• YOUR INSTRUCTIONS:
Please transcribe exactly the lines from the first line of the records below through the line containing "i sproszkowany imbir.", including both, and omit all pictures.

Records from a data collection
^^^^^^^^^^^^^^^^
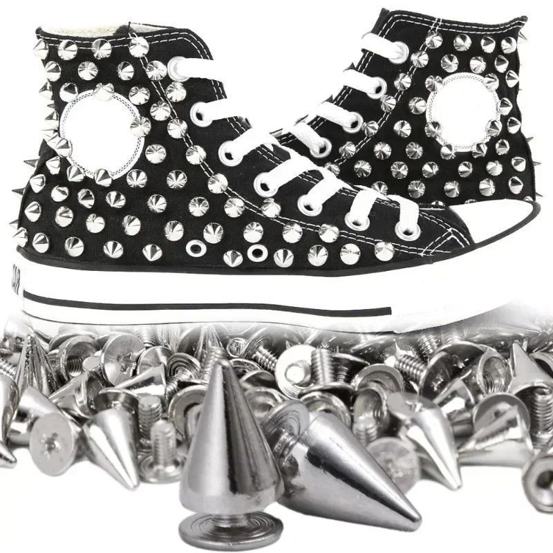 100set Spike Stude Nikel Kuat Mengkilap 7x10mm Spike Punk Lancip Termasuk Baut
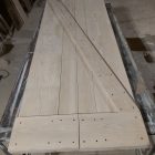 Porta in stile western in abete, ma invece che essere scorrevole va incernierata sul muro (possiamo fornire i cardini su richiesta) e si apre/chiude “a libro”. Può essere rifinita con le varie finiture che vedete nelle foto delle altre porte.
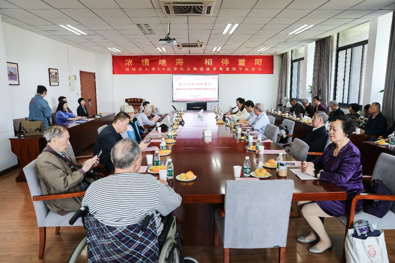 正逢重阳佳节和1974-1975级地理系校友返校日,为表达对退休教师无私奉献与卓越贡献的敬意,深化校友间的交流沟通,共续校园美好记忆,激励在校学子传承尊师重教的传统美德,黄漫 于10月11日上午在昆山楼会议室举办了退休老师重阳节暨地理系同学入学50周年校友座谈会,共抒深情厚谊,同绘发展宏图。本次座谈会由学院15位退休老师与1974-1975级友参加。院长、党委书记鹿化煜,党委副书记陈卉,副院长金晓斌,代理副院长工作的周雨霁,学院办公室张勤主任、骆琼等老师出席了座谈会。座谈会由党委副书记陈卉主持。
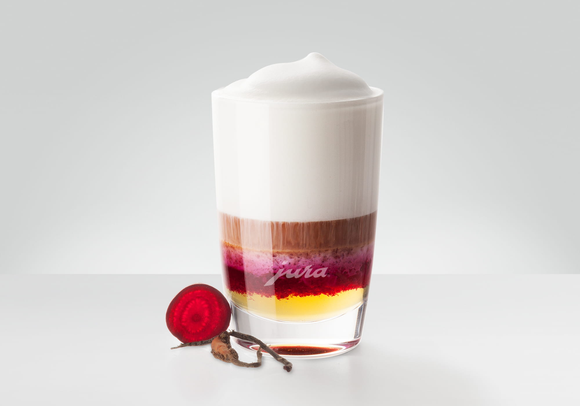 • Do szklanki do latte macchiato nałóż 2 łyżeczki puree z buraków, miód i sproszkowany imbir.
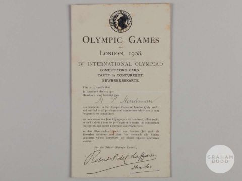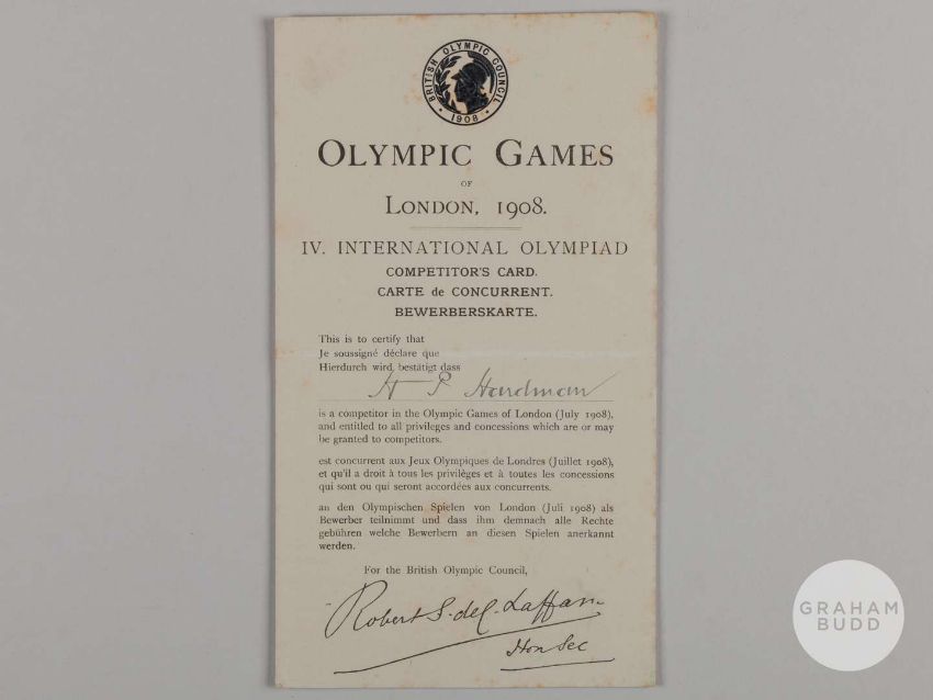Football Olympics 1908 London HP Hardman very rare officials and competitors card, modern day accreditation pass. Hardman was a member of the Great Britain team who won the gold medal beating Denmark 2-0. He played for Blackpool, Everton and Manchester United and others and internationally with England, England Amateurs and Great Britain, bears horizontal fold, signed in black ink, slight foxing and yellowingProvenance: collected by the vendor in the 1980's.
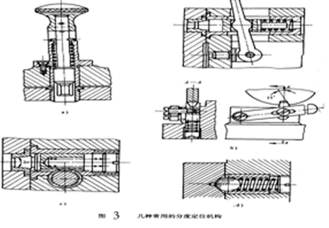 圖3為幾種常用的分度定位機(jī)構(gòu);圖c為齒輪齒條帶動(dòng)分度銷的結(jié)構(gòu);圖d為自動(dòng)退出和復(fù)進(jìn)分度銷,其結(jié)構(gòu)簡(jiǎn)單,操作方便,但分度精度不高,定位也不可靠。
^^^^^^^^^^^^^^^^
• RESULT FOR THIS TASK:
 100set Spike Stude Nikel Kuat Mengkilap 7x10mm Spike Punk Lancip Termasuk Baut
 Porta in stile western in abete, ma invece che essere scorrevole va incernierata sul muro (possiamo fornire i cardini su richiesta) e si apre/chiude “a libro”. Può essere rifinita con le varie finiture che vedete nelle foto delle altre porte.
 正逢重阳佳节和1974-1975级地理系校友返校日,为表达对退休教师无私奉献与卓越贡献的敬意,深化校友间的交流沟通,共续校园美好记忆,激励在校学子传承尊师重教的传统美德,黄漫 于10月11日上午在昆山楼会议室举办了退休老师重阳节暨地理系同学入学50周年校友座谈会,共抒深情厚谊,同绘发展宏图。本次座谈会由学院15位退休老师与1974-1975级友参加。院长、党委书记鹿化煜,党委副书记陈卉,副院长金晓斌,代理副院长工作的周雨霁,学院办公室张勤主任、骆琼等老师出席了座谈会。座谈会由党委副书记陈卉主持。
 • Do szklanki do latte macchiato nałóż 2 łyżeczki puree z buraków, miód i sproszkowany imbir.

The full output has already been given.